▸ To do: When duplicating the records beneath this instruction, omit every picture and keep all else exact.

----- Data to examine -----

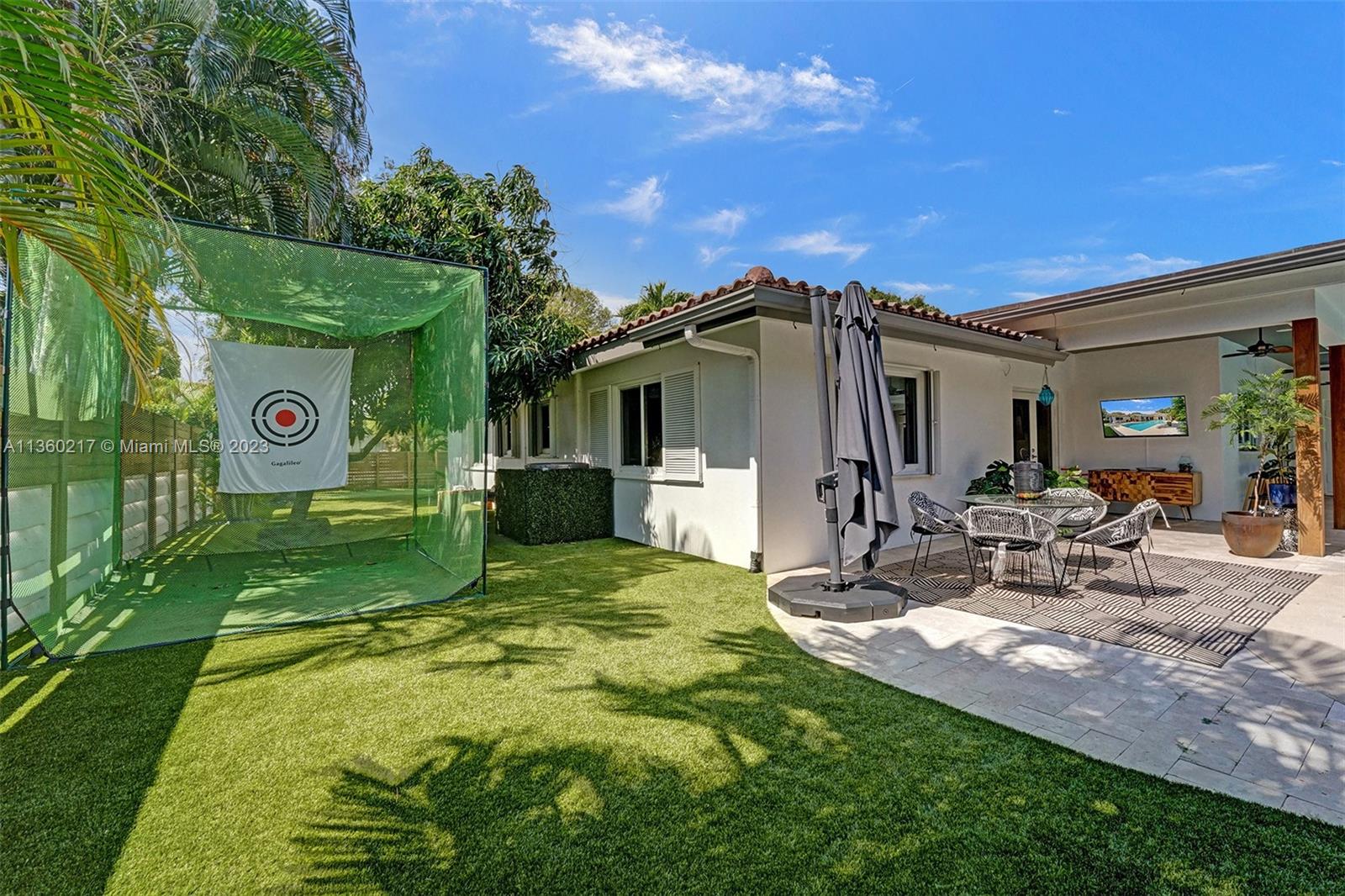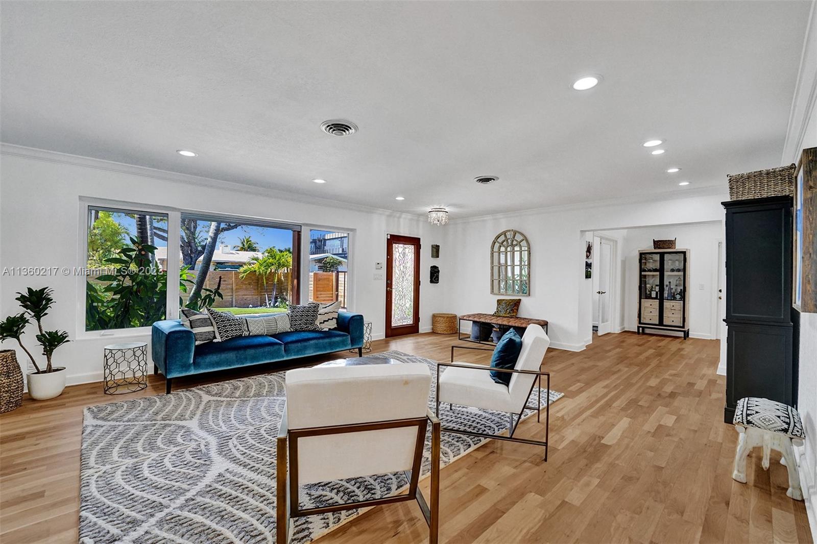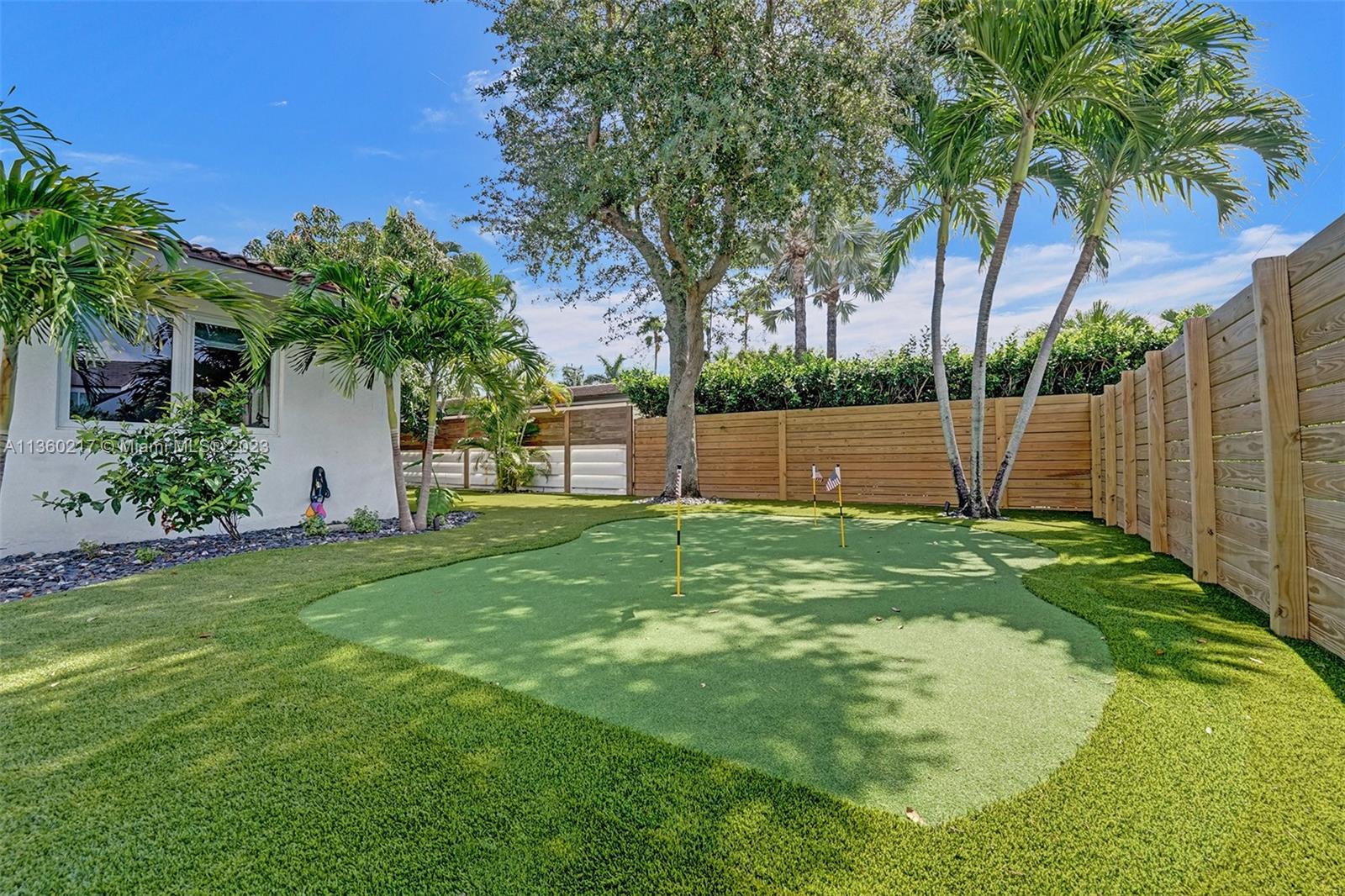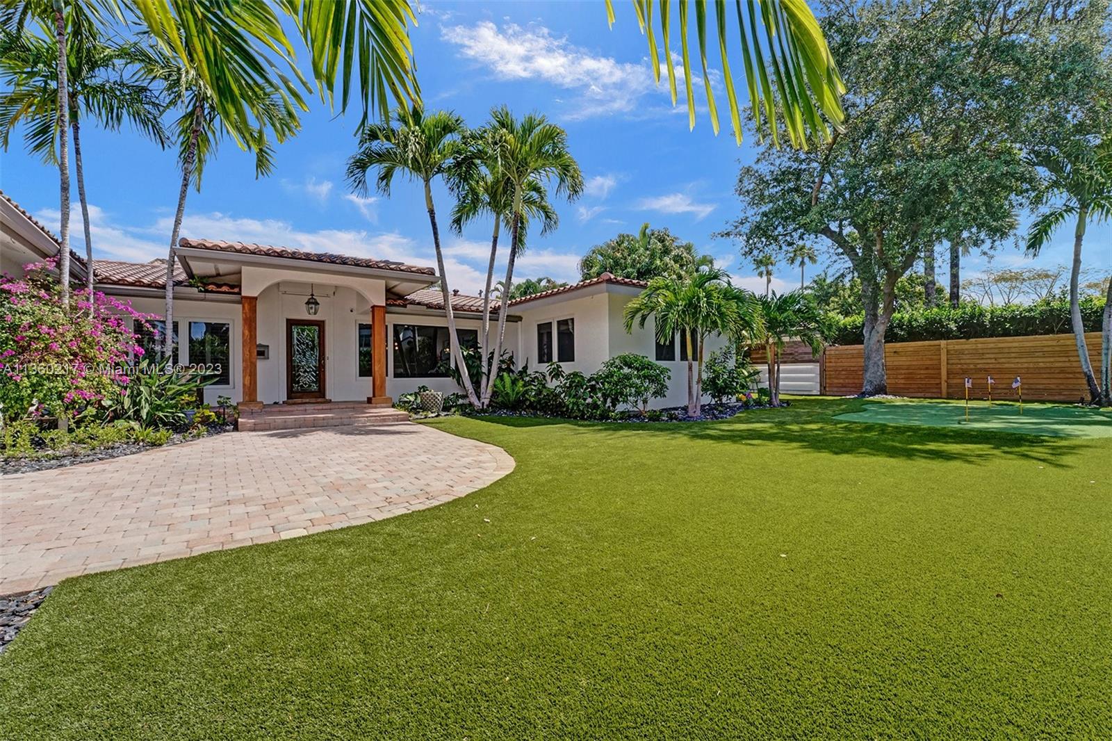 A pristinely located estate w/large private paradise wraps entire property. Interior boasts refinished white oak wood floors and recessed lighting throughout. Chef’s kitchen w/slow-close Italian cabinets, quartzite counters, JennAir appliances + bar. Family room w/travertine marble gas fireplace! Master bed w/pool access, walk-in + en suite w/steam shower + expansive vanity. 2 large guest bedrooms, 4th bed is office! Massive bonus playroom/den w/volume ceiling. 2 new HVACs, new electric panel (’21), whole-house generator and H2O filtration system. Tropical landscaping, heated saltwater pool, covered patio, cabana, putting green and expansive artificial turf, Impact windows & doors. Walk to Ocean, Publix, Galleria Mall, Capital Grille, Starbucks, George English Park and Birch State Park.
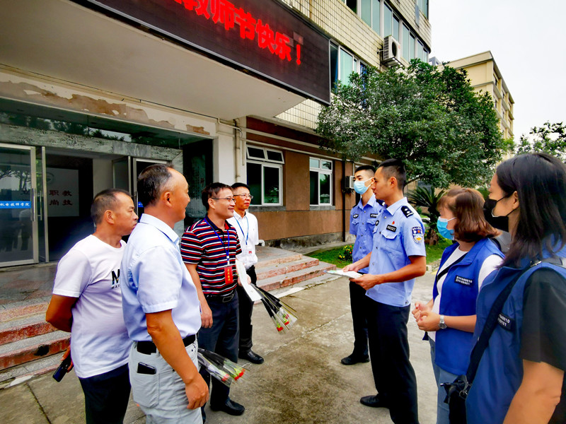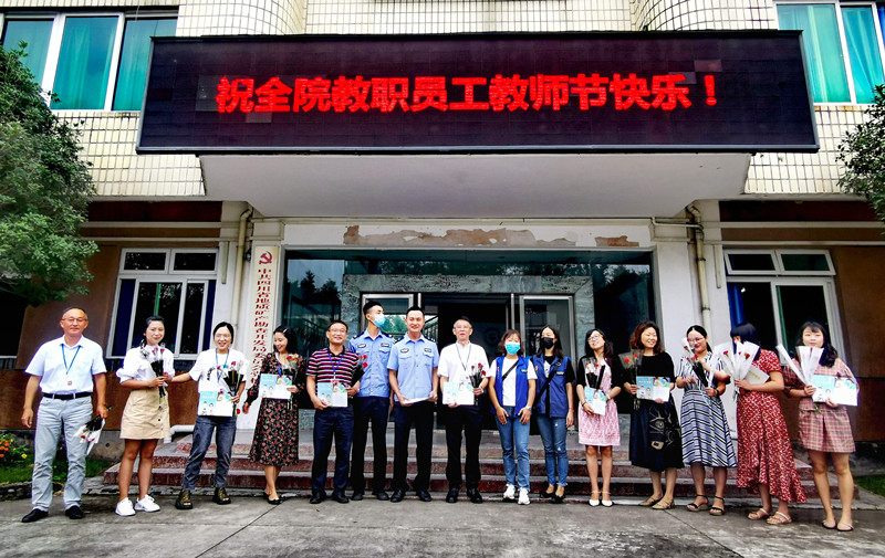 9月10日上午,崇阳派出所李龙警官、西河社区黄巧玲等一行4人代表崇阳派出所、西河社区对我院教职工表示慰问,给我院辛苦耕耘的教师和教育工作者致以节日的祝贺和诚挚的问候,并向教师代表献花、送祝福。
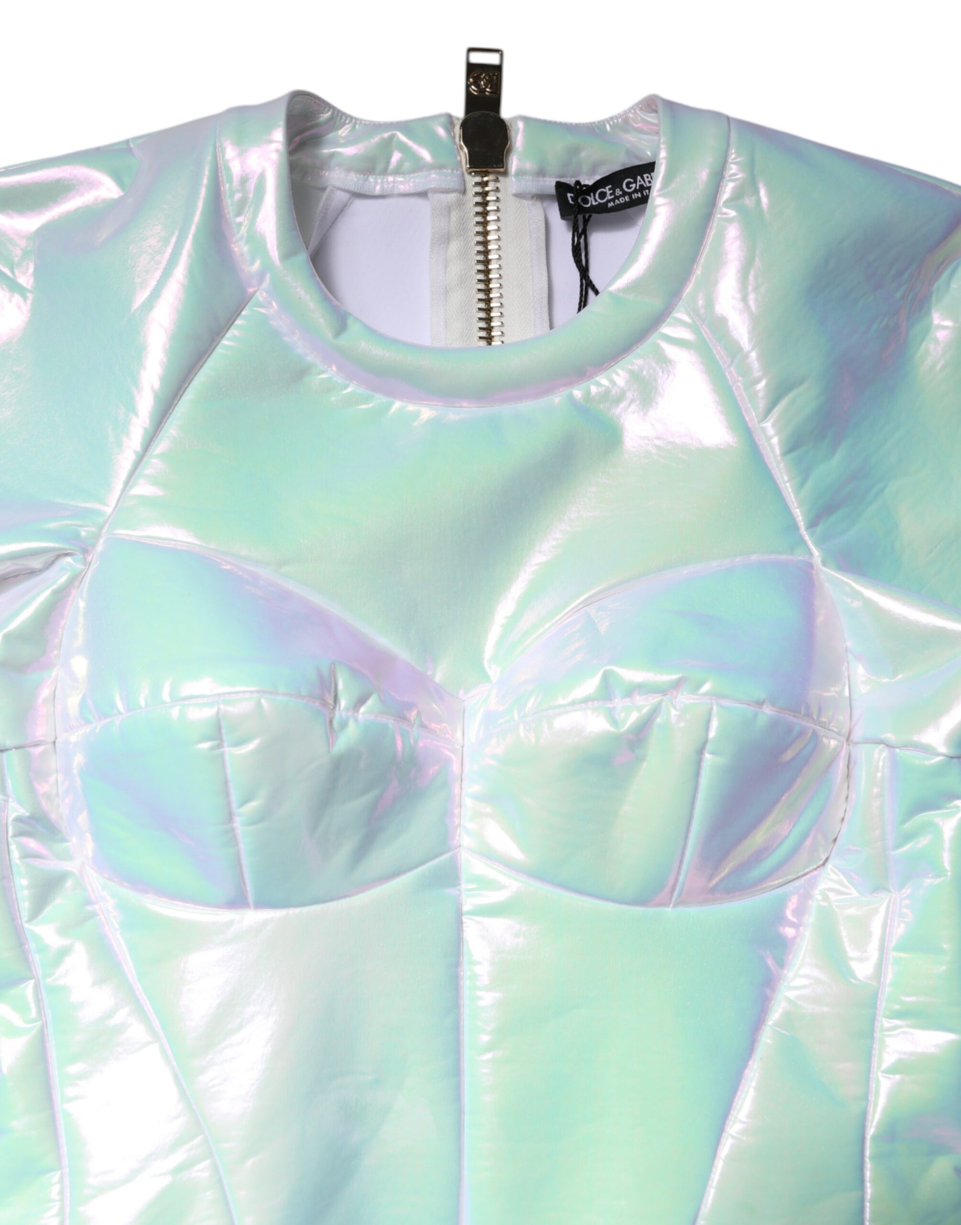 Wunderschönes, brandneues, 100 % authentisches, figurbetontes Minikleid von Dolce & Gabbana. Modell: Minikleid Farbe: Weiß Material: 85 % Polyester, 15 % Elasthan Reißverschluss Logodetails Hergestellt in Italien Sehr exklusiv und hochwertig verarbeitet
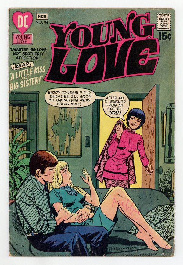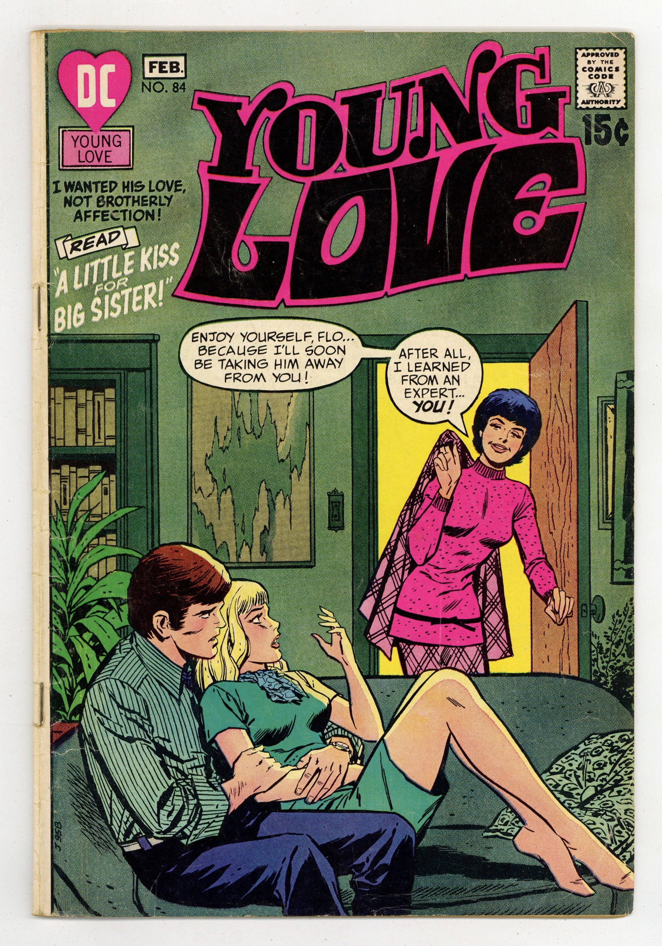 Cover pencils by Bill Draut. Stories by unknown. Art by Art Saaf, Jay Scott Pike, Tony Abruzzo, Lee Elias, Liz Berube, Bernard Sachs and unknown. Flo falls in love with her sister Jan's boyfriend Ralph, and since she's the nicer of the two, she eventually gets him in "A Little Kiss for Big Sister!" Plus: Jen has always blamed Skip for her sister's death, but when she finally learns that he was not responsible, she finds herself falling in love with him in "Get Out of My Heart!" Also: Belinda is shocked to find that her new boyfriend Eliot is the brother of her old boyfriend Van in the reprint story "A Proud Goodbye"! And: Uptight 1-pager; makeup tips in a Beauty on a Budget 1-pager; and 1-page As Jane Ford Sees It advice column! 32 pages, full color. Cover price $0.15.
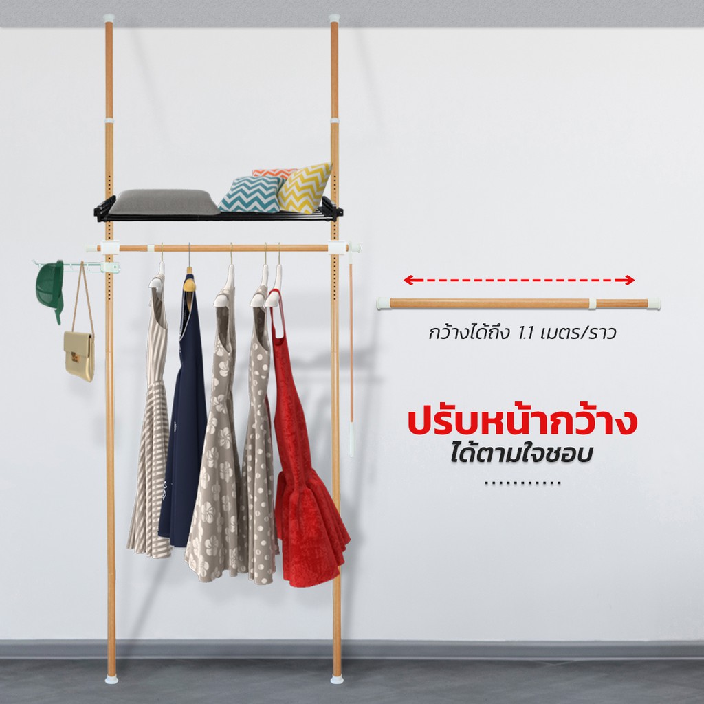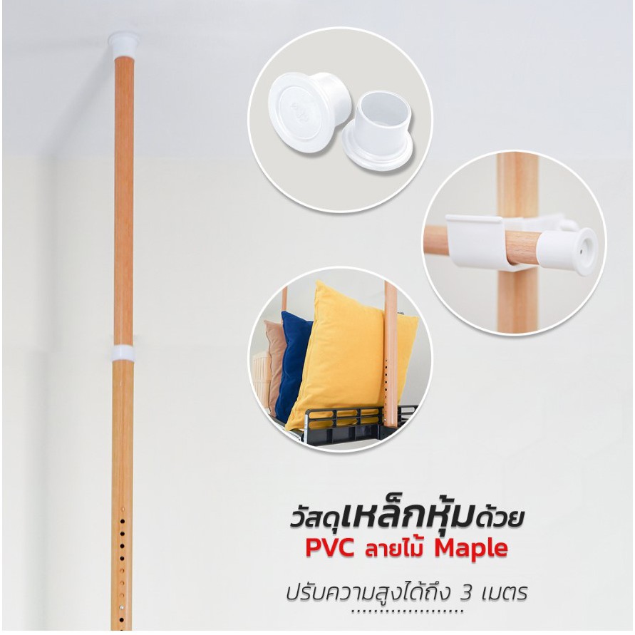TUGU ชุด 6 ราวแขวน 3 ชั้นวาง ราวแขวนไม่ต้องเจาะ แถมฟรีวิงแขวนและไม้สอย ลายไม้ (R25M)
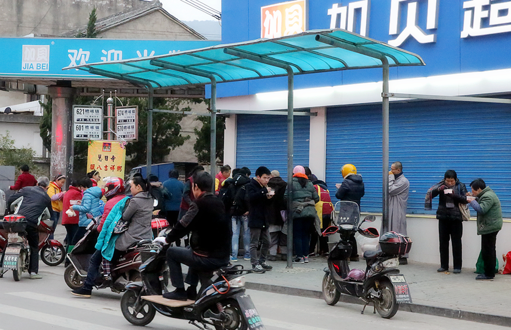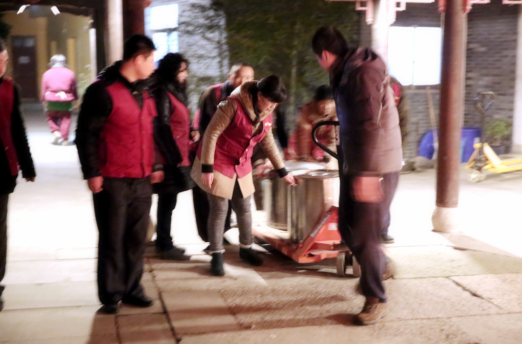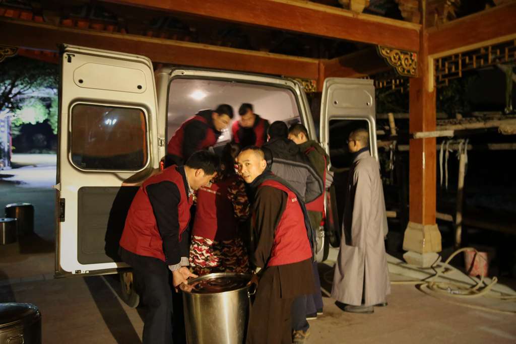 在忙碌了一个通宵后,四众弟子们将腊八粥运往瞻岐镇,给人们送去吉祥的祝福。
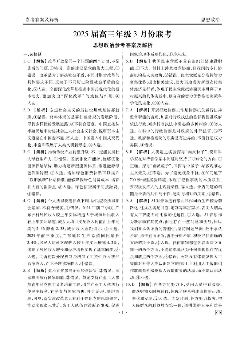 广东省衡水金卷2025届高三年级3月份联考 政治答案.pdf
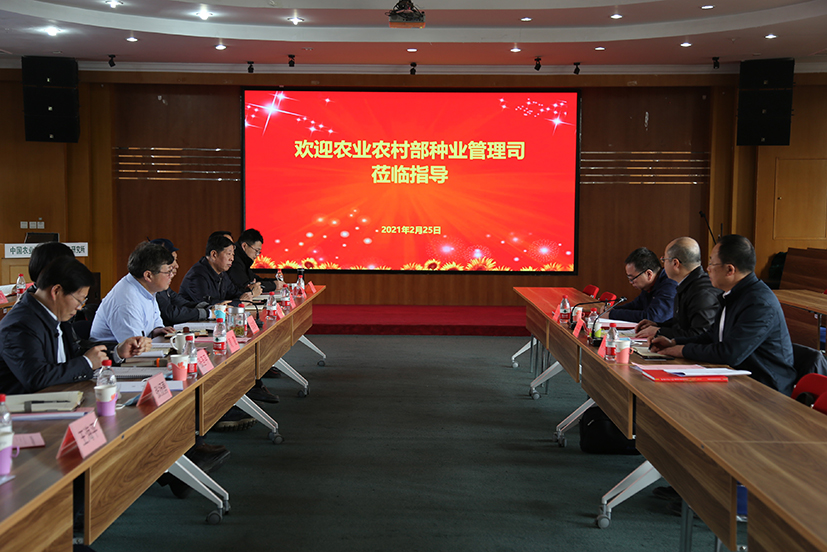 2月25日,农业农村部种业管理司张兴旺司长、品种创新处邹奎处长、畜禽种业处吴凯锋处长一行3人到禁漫 调研指导。方智远院士、所长张友军、所党委书记周霞出席会议。

-----

▸ Written answer:
 A pristinely located estate w/large private paradise wraps entire property. Interior boasts refinished white oak wood floors and recessed lighting throughout. Chef’s kitchen w/slow-close Italian cabinets, quartzite counters, JennAir appliances + bar. Family room w/travertine marble gas fireplace! Master bed w/pool access, walk-in + en suite w/steam shower + expansive vanity. 2 large guest bedrooms, 4th bed is office! Massive bonus playroom/den w/volume ceiling. 2 new HVACs, new electric panel (’21), whole-house generator and H2O filtration system. Tropical landscaping, heated saltwater pool, covered patio, cabana, putting green and expansive artificial turf, Impact windows & doors. Walk to Ocean, Publix, Galleria Mall, Capital Grille, Starbucks, George English Park and Birch State Park.
 9月10日上午,崇阳派出所李龙警官、西河社区黄巧玲等一行4人代表崇阳派出所、西河社区对我院教职工表示慰问,给我院辛苦耕耘的教师和教育工作者致以节日的祝贺和诚挚的问候,并向教师代表献花、送祝福。
 Wunderschönes, brandneues, 100 % authentisches, figurbetontes Minikleid von Dolce & Gabbana. Modell: Minikleid Farbe: Weiß Material: 85 % Polyester, 15 % Elasthan Reißverschluss Logodetails Hergestellt in Italien Sehr exklusiv und hochwertig verarbeitet
 Cover pencils by Bill Draut. Stories by unknown. Art by Art Saaf, Jay Scott Pike, Tony Abruzzo, Lee Elias, Liz Berube, Bernard Sachs and unknown. Flo falls in love with her sister Jan's boyfriend Ralph, and since she's the nicer of the two, she eventually gets him in "A Little Kiss for Big Sister!" Plus: Jen has always blamed Skip for her sister's death, but when she finally learns that he was not responsible, she finds herself falling in love with him in "Get Out of My Heart!" Also: Belinda is shocked to find that her new boyfriend Eliot is the brother of her old boyfriend Van in the reprint story "A Proud Goodbye"! And: Uptight 1-pager; makeup tips in a Beauty on a Budget 1-pager; and 1-page As Jane Ford Sees It advice column! 32 pages, full color. Cover price $0.15.
TUGU ชุด 6 ราวแขวน 3 ชั้นวาง ราวแขวนไม่ต้องเจาะ แถมฟรีวิงแขวนและไม้สอย ลายไม้ (R25M)
 在忙碌了一个通宵后,四众弟子们将腊八粥运往瞻岐镇,给人们送去吉祥的祝福。
 广东省衡水金卷2025届高三年级3月份联考 政治答案.pdf
 2月25日,农业农村部种业管理司张兴旺司长、品种创新处邹奎处长、畜禽种业处吴凯锋处长一行3人到禁漫 调研指导。方智远院士、所长张友军、所党委书记周霞出席会议。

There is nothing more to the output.